Ricky Eat Acid - Talk to You Soon

Pitchfork 73

The music of Sam Ray’s Ricky Eat Acid project has always elicited a kind of déjà vu. Whether it’s his journal-entry song titles or the way his music sounds like field recordings of a mental thunderstorm, the experimental producer/songwriter tricks you into thinking you are hearing extracted elements of your own past. Describing the inspiration of a mix he curated in 2014, Ray mentioned his fascination with a “paranoid, summer-y feeling that something familiar isn’t as familiar as it looks at first glance.” Though his sizable discography has often mined regret and retrospection, Talk to You Soon is the most severe account of an emotional haunting. It explores the idea of how personal upheaval perverts both memory and the comfort of nostalgia.

There is a strange paradox about the way we remember things. As Israeli neuroscientist Yadin Dudai explained it on a 2007 episode of Radiolab: “If you have a memory, the more you use it, the more likely you are to change it. So, if you never use your memory, it is secured.” Such is the way that Ray explores this fixation of the past. On several songs, lyrics are cast as repeated chants that assume different meanings from their first utterance to their final. Where “Nice to See You” transforms from robotic to sincere with its eponymous phrase, “This Is as Close to Heaven as I Get” degrades from blissful to sinister over the course of a dozen repetitions of the song’s titular statement. The beautiful, far-too-short midpoint of the record, “Know,” interpolates the unfinished clause “Before I know you” into various phrases, including the forlorn “It seems to me, that you’d be happier/Before I know you.” By playing with these repetitions, Talk to You Soon asks at what point does gazing inward turn from self-reflection to distortion.
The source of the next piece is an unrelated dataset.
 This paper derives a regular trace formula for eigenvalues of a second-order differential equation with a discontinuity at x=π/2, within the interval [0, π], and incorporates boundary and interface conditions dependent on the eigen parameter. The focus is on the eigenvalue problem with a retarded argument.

While Ray’s previous Ricky LP, Three Love Songs, was an ambient record indebted to the KLF’s warped field recordings, Talk to You Soon feels more like impressionistic vignettes about the disparate feelings born out of trauma. From the moment the swirls of “‘hey’” introduce a dizzying volatility, complete with string arrangements from Owen Pallett, there is a nagging sense of discord. It’s the sonic equivalent of when someone says, “Hi, how are you?” and you say “Good!” even though you are moments from a nervous breakdown. The rest of the album roils on from there, and even if we are temporarily distracted by IDM-indebted beats or palliative synth glows, anxiety always looms in the margins.

Ray’s piano playing has much to do with Talk to You Soon’s unraveling nerves. On “Spinning About Under the Bright Light in Bliss,” a gentle swell abruptly turns to percussive jabs. The underlying progression remains, but it is beleaguered by shrill notes as though Ray’s left and right hands are at war. “In the Grocery Store,” with its spectral melody, sounds impossibly distant from its mundane namesake and more akin to the title theme of The Exorcist. It’s these discrepancies that remind us that the world inside your head and the one you inhabit can be so unaware of each other. It doesn’t matter if you are in a supermarket, or fucking, or even having a good day—your mind can rebel at any moment.
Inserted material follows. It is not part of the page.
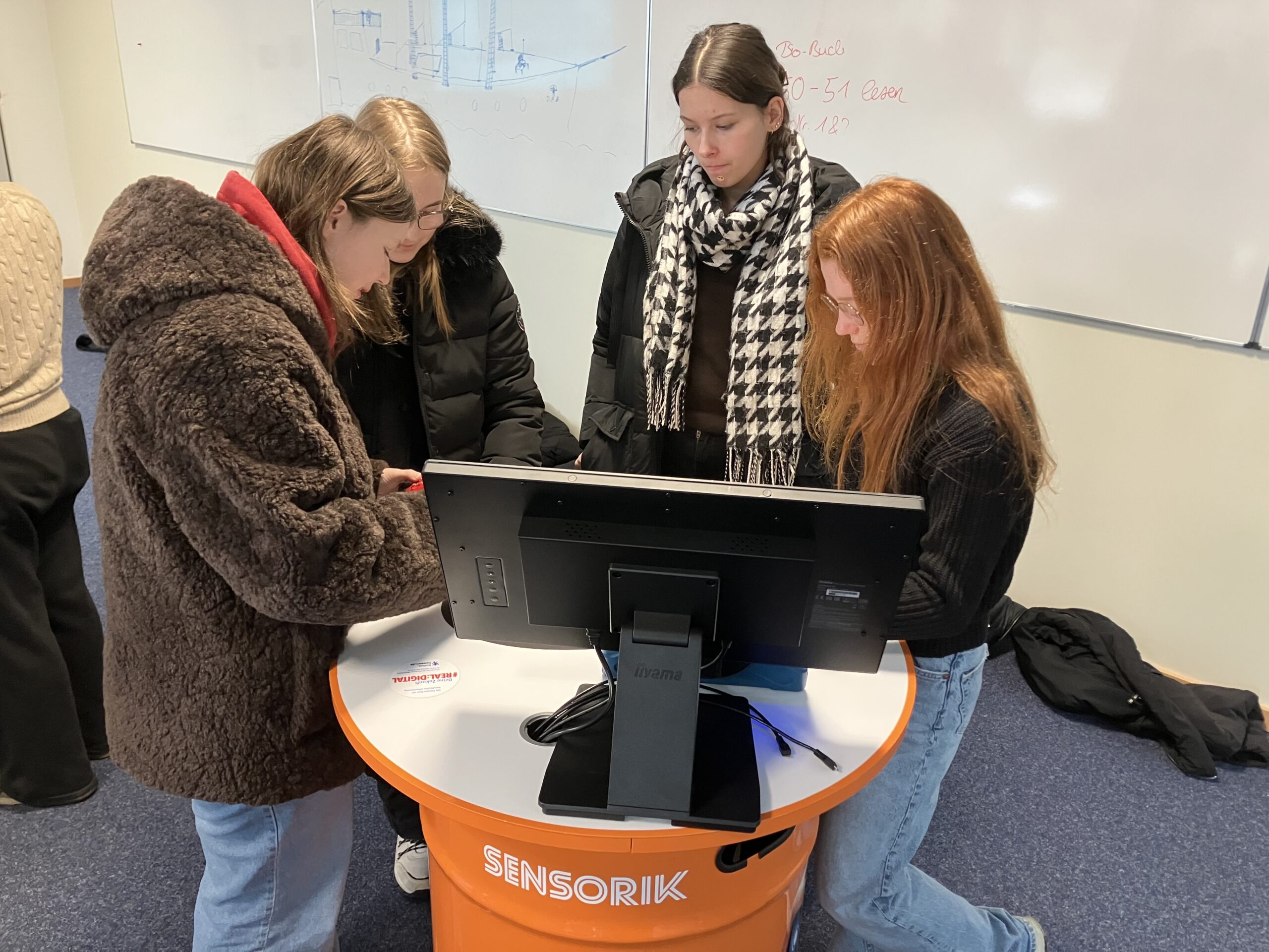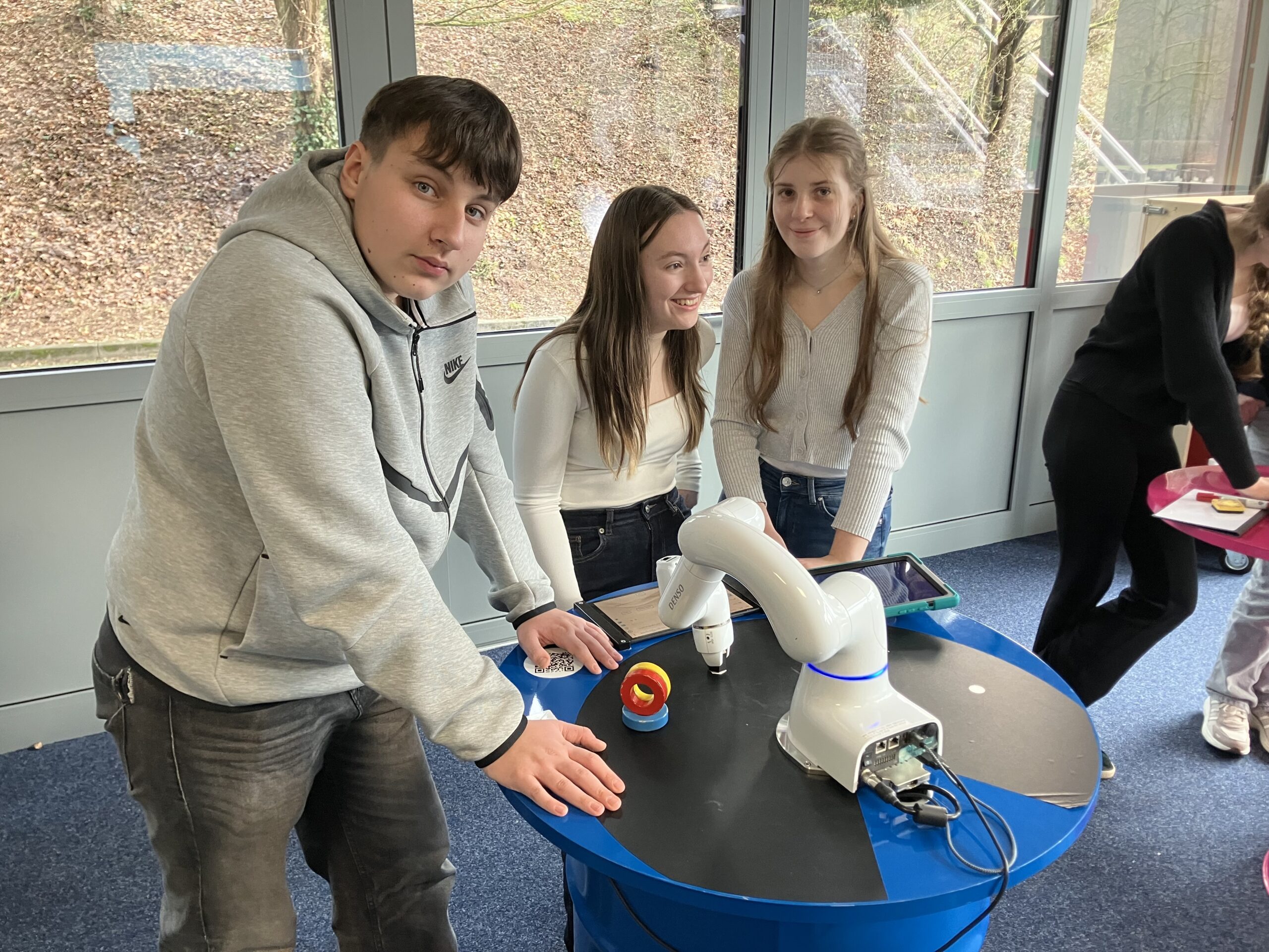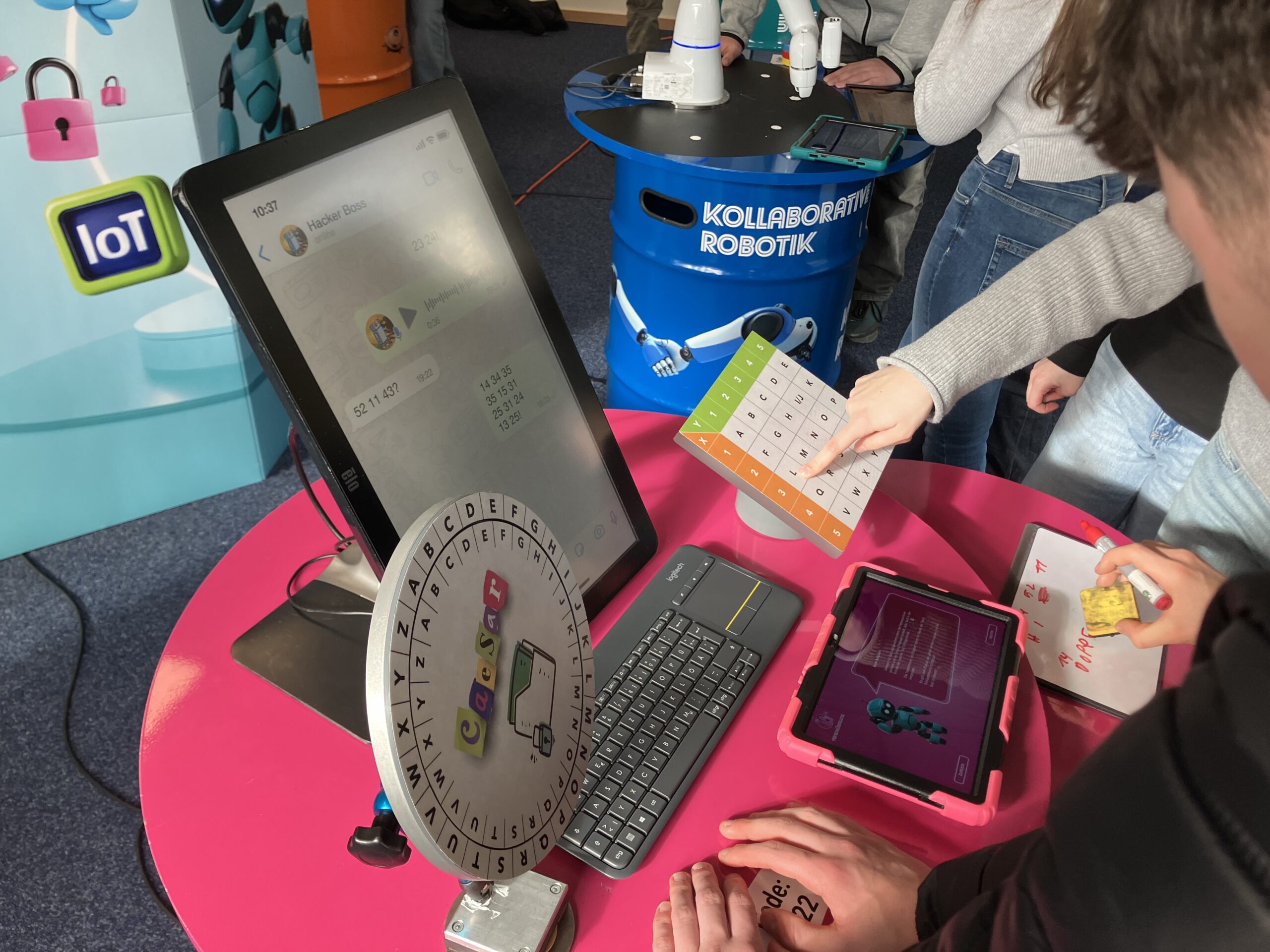 Vor diesem Hintergrund gastierte die Erlebnisausstellung „Deine Zukunft #REAL:DIGITAL“ in der letzten Woche für drei Tage an der Marie-Durand-Schule. Anna-Lena Klein, Lehrerin im Fach Arbeitslehre und gemeinsam mit ihren Kolleginnen verantwortlich für den Übergang von Schule in den Beruf, organisierte für alle Klassen der Jahrgänge 8-10 einen jeweils 90-minütigen Workshop unter der Leitung von zwei Digi-Coaches. Zahlreiche interaktive Mitmachangebote aus den Bereichen künstlicher Intelligenz, kollaborativer Robotik über Internet der Dinge, Augmented Reality, Sensorik, Verschlüsselung und 3D-Scan bis hin zu Big Data stellten die Lernenden an acht Stationen in Kleingruppen vor praxisorientierte Aufgaben. Ausgestattet mit Tablets lernten alle Teilnehmer auf motivierende Weise unter spielerischer Anwendung digitaler Schlüsseltechnologien, dass die Digitalisierung nahezu alle Berufe beeinflusst.

The closest Talk to You Soon comes to a complete psychotic break is the anarchic “As We Speak,” which features abrasive screaming from LA-based post-metal outfit Wreck and Reference. Unlike the unnerving electronics that whirred before, this track is a melting point of hoarse howling, crashing drums, and the wailing of an alarm siren. The acute panic attack lasts for a minute before yielding to an adrenalized heartbeat and veering into nervous percussive twitches. This moment is so abrasive, so intense, that the remainder of the album feels exhausted from its own introspection.
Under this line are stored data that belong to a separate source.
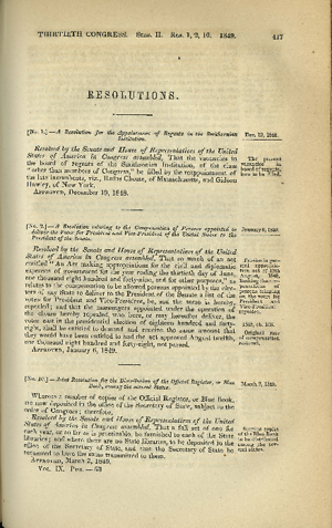 Printed Document, 1 page(s), Public Acts, IX, 30th Cong., 2nd sess., George Minot, Statutes at Large 9, 417 ,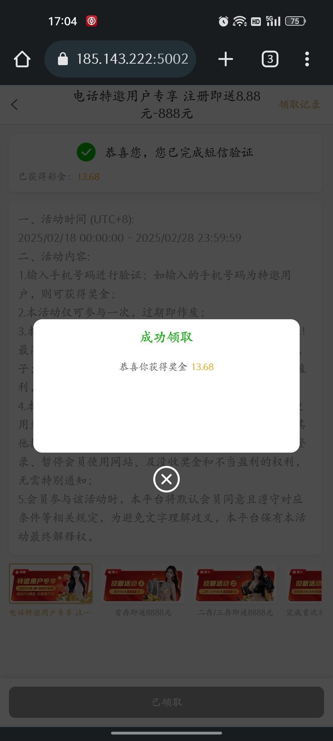 进去登陆了然后去优惠里面领取,我没打出来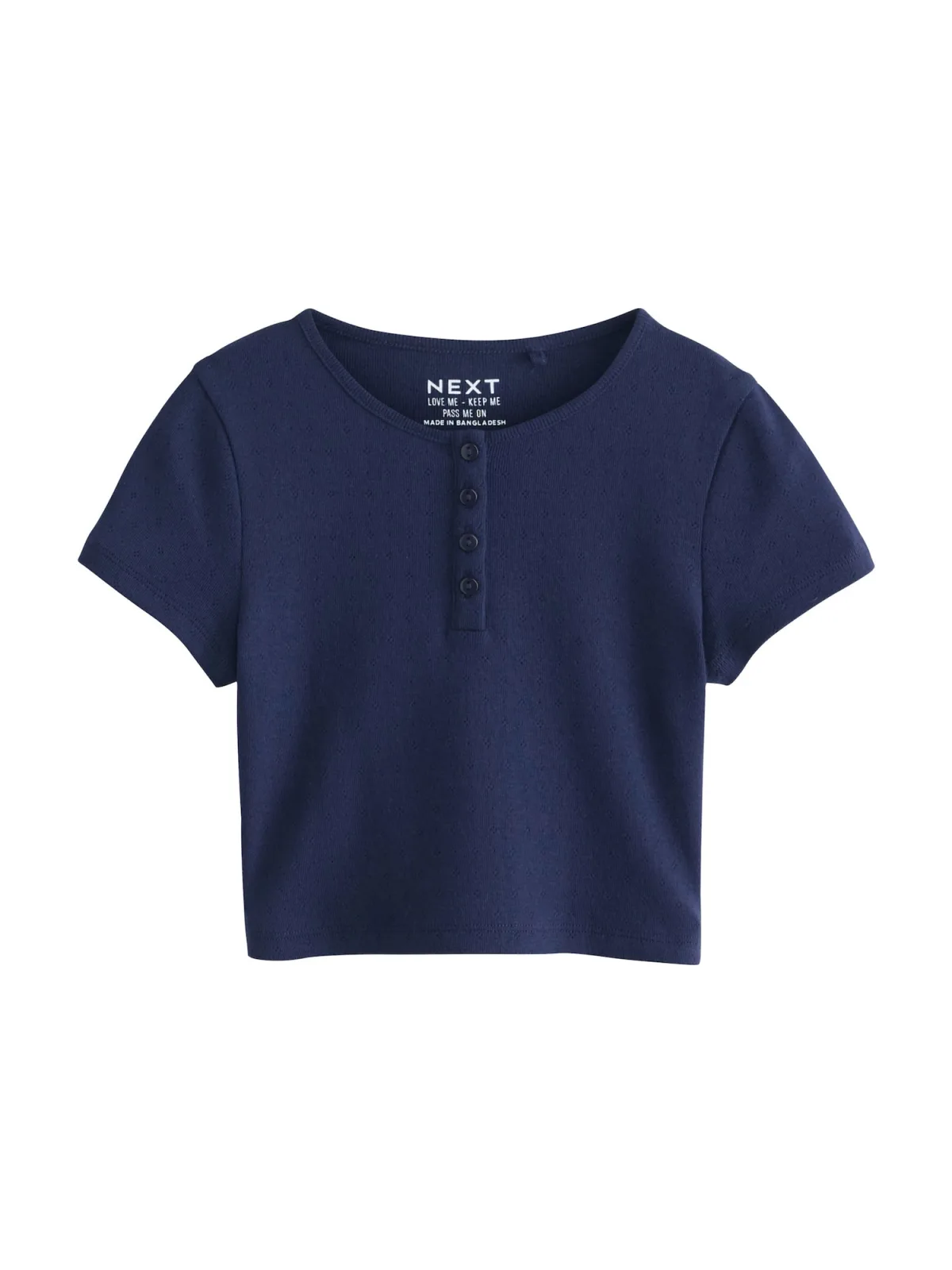 Design: Rechte zoom, Knop placket; Type sluiting: Knoopsluiting; Materiaal: Jersey; Halstype: Henley hals; Motief: Effen; Details: Mesh; Extra's: Op staal naden, Voelt zacht aan; Pasvorm: Normale pasvorm; Armlengte: Kwartmouw; Lengte: Normale lengte
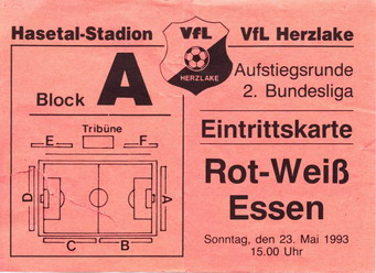 In 1993 wurde in drei Gruppen jeweils ein Aufsteiger ermittelt. Eine Gruppe umfasste die Meister der in drei Staffeln spielenden Oberliga Nordost, in der zweiten Gruppe spielten die Meister Baden-Württembergs, Hessens, Bayerns und dem Vizemeister der Oberliga Nord, welcher als einziger Tabellenzweiter antreten durfte, da die Nord-Oberliga ein sehr weites Gebiet umfasste. Und in der dritten Gruppe kämpfte der RWE mit den Meistern Westfalens, Preußen Münster, des Südwestens, Eintracht Trier, und des Nordens, dem VfL Herzlake. Die Preußen und der RWE gingen als Favoriten in die Runde – es war nahezu klar, dass der Platz an der Sonnen zwischen diesen beiden Clubs ausgemacht würde. Der Trierer Eintracht wurden Außenseiter-Chancen eingeräumt und der VfL aus dem 4000-Einwohner-Kaff Herzlake im Emsland war das unbeschriebene Blatt, das aber zurecht keiner auf der Rechnung hatte.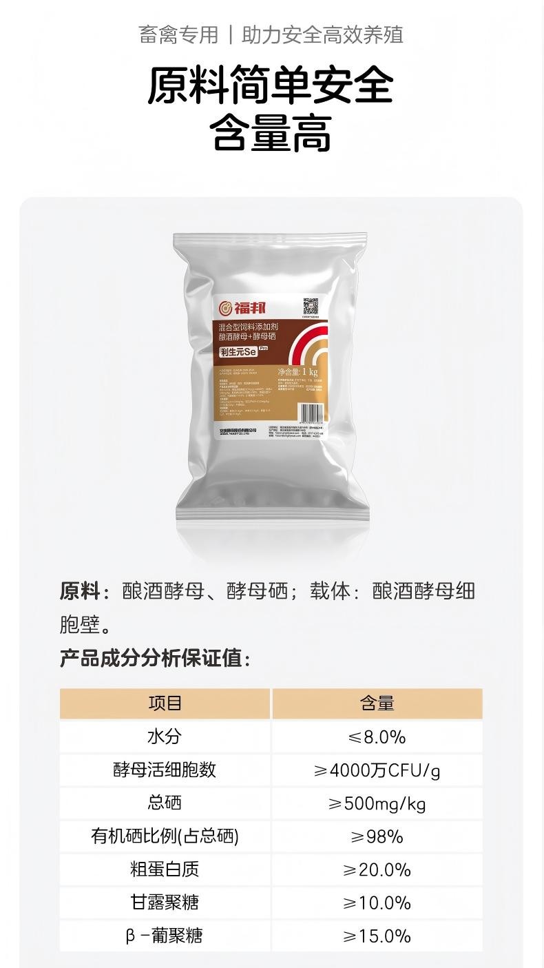 商品名称:安琪福邦酵母硒利生元se pro饲料添加剂吸附霉菌酿酒酵母禽畜专用 商品编号:E82002333 品牌:安琪酵母 上架时间:2025-07-10 商品净重:1.000千克 质保期:18个月

Though maybe that’s the point Ray is trying to make here. Nominally, the final two tracks, “On a Good Day” and “‘ok’,” suggest that perhaps we have finally reached some calm after emotional tumult, but their languor recalls the dreary effects of overthinking. Can there be any respite for someone who lives so thoroughly inside their own mind, who is prone to over-analyzing and distorting the past? Although Ricky Eat Acid excels in making supernaturally empathetic music, these final moments of Talk to You Soon are especially isolating, a final warning to the listener that when gazing inward becomes pathological, it casts an endless pall.